R, R Markdown, and Reproducibility

R is a free, open-source software package/programming language for statistical computing. You should have begun to learn it in 36-401 (if not before). No other form of computational work will be accepted. If you are not able to use R, or do not have ready, reliable access to a computer on which you can do so, let me know at once.

(There are plenty of other perfectly good computing systems for data analysis --- I learned to do it using Fortran and C, so help me --- but a uniform language is a lot easier to grade, and statisticians have self-organized on R as a standard.)

Communicating your results to others is as important as getting good results in the first place. Every homework assignment will require you to write about that week's data analysis and what you learned from it; this writing is part of the assignment and will be graded. Raw computer output and R code is not acceptable; your document must be humanly readable.

All homework and exam assignments are to be written up in R Markdown. (If you know what knitr is and would rather use it, ask first.) R Markdown is a system that lets you embed R code, and its output, into a single document. This helps ensure that your work is reproducible, meaning that other people can re-do your analysis and get the same results. It also helps ensure that what you report in your text and figures really is the result of your code. For help on using R Markdown, see "Using R Markdown for Class Reports".

Format Requirements for Homework

For each assignment, you should submit a single PDF file, which is the "knitted", humanly-readable document generated by your R Markdown source file. That source file should integrate all of your text, and the R code to generate all of your numerical results, figures and tables.

Some problems in the homework will require you to do math. R Markdown provides a simple but powerful system for type-setting math. (It's based on the LaTeX document-preparation system widely used in the sciences.) If you can't get it to work, you can hand-write the math and include scans or photos of your writing in the appropriate places in your R Markdown document. You will, however, lose points for doing so, starting with no penalty for homework 1, and growing to a 90% penalty (for those problems) by the final homework. For help on this aspect of using R Markdown, see "Using R Markdown for Class Reports".

Every week, I will randomly select some students and ask you to send me your R Markdown file. You will lose points if your R Markdown file does not, in fact, generate your knitted file (making the obvious allowances for random numbers, etc.). You should expect to be picked for this about once in the semester, but since it will be random sampling with replacement, you may be asked for your R Markdown more than once.

Canvas and Piazza

Homework will be submitted electronically through Gradescope/Canvas. Canvas will also be used for the after-class questions, as a calendar showing all assignments and their due-dates, to distribute some readings, and as the official gradebook.

We will be using the Piazza website for question-answering. You will receive an invitation within the first week of class. Anonymous-to-other-students posting of questions and replies will be allowed, at least initially. Anonymity will go away for everyone if it is abused. During Piazza office hours, someone will be online to respond to questions (and follow-ups) in real time. You are welcome to post at any time, but outside of normal working hours you should expect that the instructors have lives.

Materials from Previous Versions of the Course

Public materials (lecture slides and notes, homework assignments and data files but not solutions, etc.) from other semesters I've taught this course can be found here. You're welcome to look at them, but lectures and assignments will change.
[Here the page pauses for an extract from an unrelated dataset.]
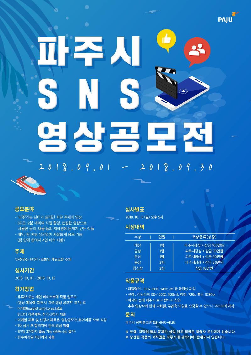 파주시는 지역에 대한 관심과 이해를 높이고 파주를 알릴 수 있는 특색 있고 창의적인 영상콘텐츠를 발굴하기 위해 SNS 영상 공모전을 개최한다.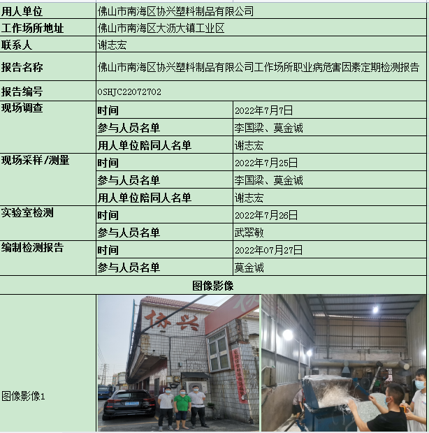 职业卫生检测报告

Collaboration, Cheating and Plagiarism

Except for explicit group exercises, everything you turn in for a grade must be your own work, or a clearly acknowledged borrowing from an approved source; this includes all mathematical derivations, computer code and output, figures, and text. Any use of permitted sources must be clearly acknowledged in your work, with citations letting the reader verify your source. You are free to consult the textbooks and recommended class texts, lecture slides and demos, any resources provided through the class website, solutions provided to this semester's previous assignments in this course, books and papers in the library, or legitimate online resources, though again, all use of these sources must be acknowledged in your work. (Websites which compile course materials are not legitimate online resources.)
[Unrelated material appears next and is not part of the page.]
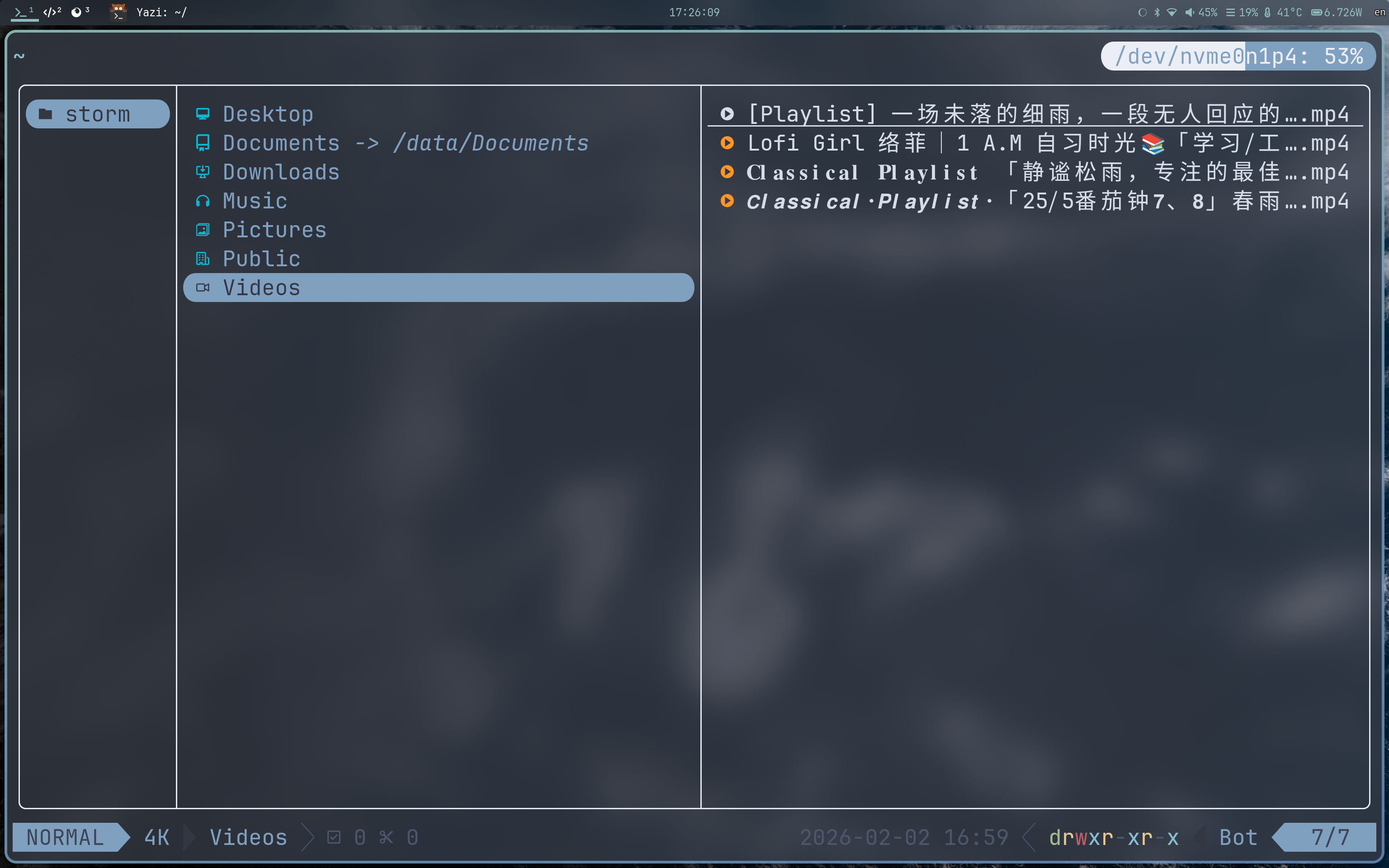 底部的状态栏是 llanosrocas/yaziline.yazi。 从左到右分别是 yazi 模式、选中文件大小、选中文件名称、选择剪贴数量 和 文件修改日期、文件权限、位置。

In general, you are free to discuss homework with other students in the class, though not to share or compare work; such conversations must be acknowledged in your assignments. You may not discuss the content of assignments with anyone other than current students, the instructors, or your teachers in other current classes at CMU, until after the assignments are due. (Exceptions can be made, with prior permission, for approved tutors.) You are, naturally, free to complain, in general terms, about any aspect of the course, to whomever you like.

Any use of solutions provided for any assignment in this course, or in other courses, in previous semesters is strictly prohibited. This prohibition applies even to students who are re-taking the course. Do not copy the old solutions (in whole or in part), do not "consult" them, do not read them, do not ask your friend who took the course last year if they "happen to remember" or "can give you a hint". Doing any of these things, or anything like these things, is cheating, it is easily detected cheating, and those who thought they could get away with it in the past have failed the course. Even more importantly: doing any of those things means that the assignment doesn't give you a chance to practice; it makes any feedback you get meaningless; and of course it makes any evaluation based on that assignment unfair.

If you are unsure about what is or is not appropriate, please ask me before submitting anything; there will never be a penalty for asking. If you do violate these policies but then think better of it, it is your responsibility to tell me as soon as possible to discuss how to rectify matters. Otherwise, violations of any sort will lead to severe, formal disciplinary action, under the terms of the university's policy on academic integrity.

On the first day of class, every student will receive a written copy of the university's policy on academic integrity, a written copy of these course policies, and a "homework 0" on the content of these policies. This assignment will not factor into your grade, but you must complete it before you can get any credit for any other assignment.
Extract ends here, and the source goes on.